Technische Sicherheitsgrenzen
Intrics Architektur stellt sicher, dass die Zugriffskontrolle auf allen Ebenen durchgesetzt wird. Für ein Gesamtbild der Technik:
- API-Validierung: Jeder Aufruf an die Datenbank oder ein KI-Modell wird anhand der aktuellen Berechtigungen des Nutzers validiert. Fehlt die Berechtigung für ein bestimmtes Dokument, wird es nie in den Kontext des KI-Modells einbezogen.
- Anmeldeschutz: Über die SSO-Integration (z. B. Entra ID) werden deine internen Sicherheitsrichtlinien abgebildet, inklusive Multi-Faktor-Authentifizierung (MFA) und bedingtem Zugriff.
- Logische Isolierung: Auch wenn mehrere Spaces in derselben Organisation existieren, sind Suchindizes und Speicher so strukturiert, dass Suchen niemals Ergebnisse außerhalb des Berechtigungsbereichs des Nutzers liefern.
Konfiguration und Audit
Zur Unterstützung der Compliance bietet Intric Werkzeuge zur Überprüfung und Steuerung des Zugriffs:
- Berechtigungsübersicht: Im Kontrollpanel können Administratoren genau sehen, welche Nutzer Zugang zu welchen Spaces haben.
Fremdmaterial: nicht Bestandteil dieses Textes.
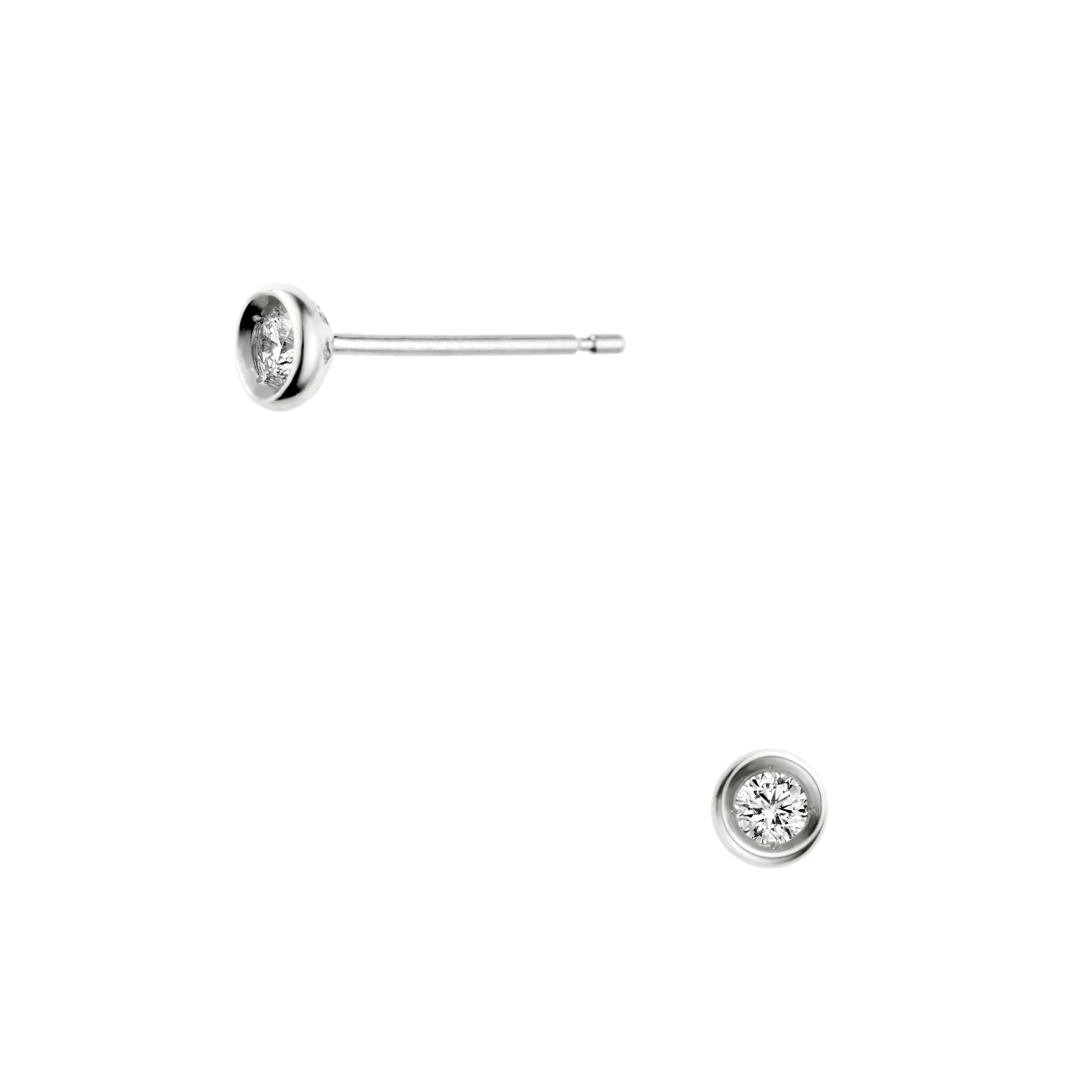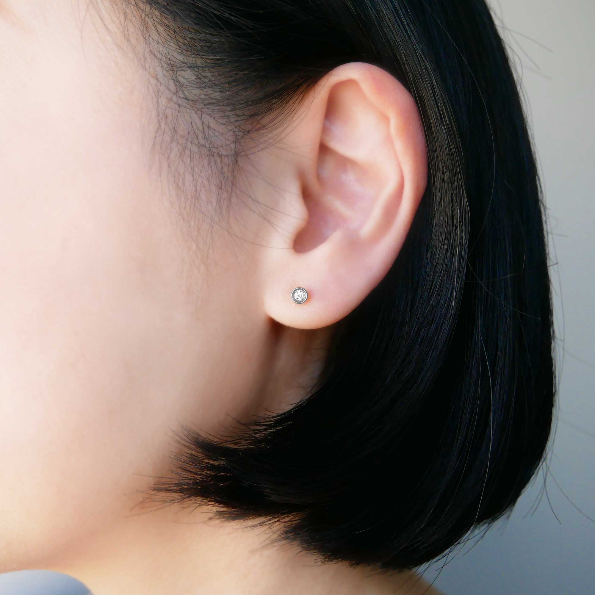 プラチナのラインでなめらかに縁取られた一粒ダイヤモンドピアス。

- Audit-Logs: Das System protokolliert kritische Ereignisse wie Rollenänderungen, Datenlöschung und Dokumentenexport. Das schafft die Nachverfolgbarkeit, die in einer DSFA oft gefordert wird.
Best Practices für die Zugriffskonfiguration
Wir empfehlen für eine sichere Einrichtung:
- Prinzip der geringsten Rechte: Weise Creator- oder Owner-Status nur denen zu, die tatsächlich Daten verwalten müssen. Nutze User als Standard für die meisten Nutzer.
- Spaces strategisch nutzen: Lege für sensible Bereiche (z. B. HR, Führung oder bestimmte Kundenprojekte) getrennte Spaces an, statt einen großen gemeinsamen Space für die gesamte Organisation. So lassen sich auch Export, Löschung und automatische Löschung einfacher DSGVO-konform umsetzen.
- RBAC mit Sicherheitsklassifizierung kombinieren: Nutze die Sicherheitsklassifizierung für deine Assistenten, damit die sensibelsten Daten immer von den sichersten Modelloptionen verarbeitet werden.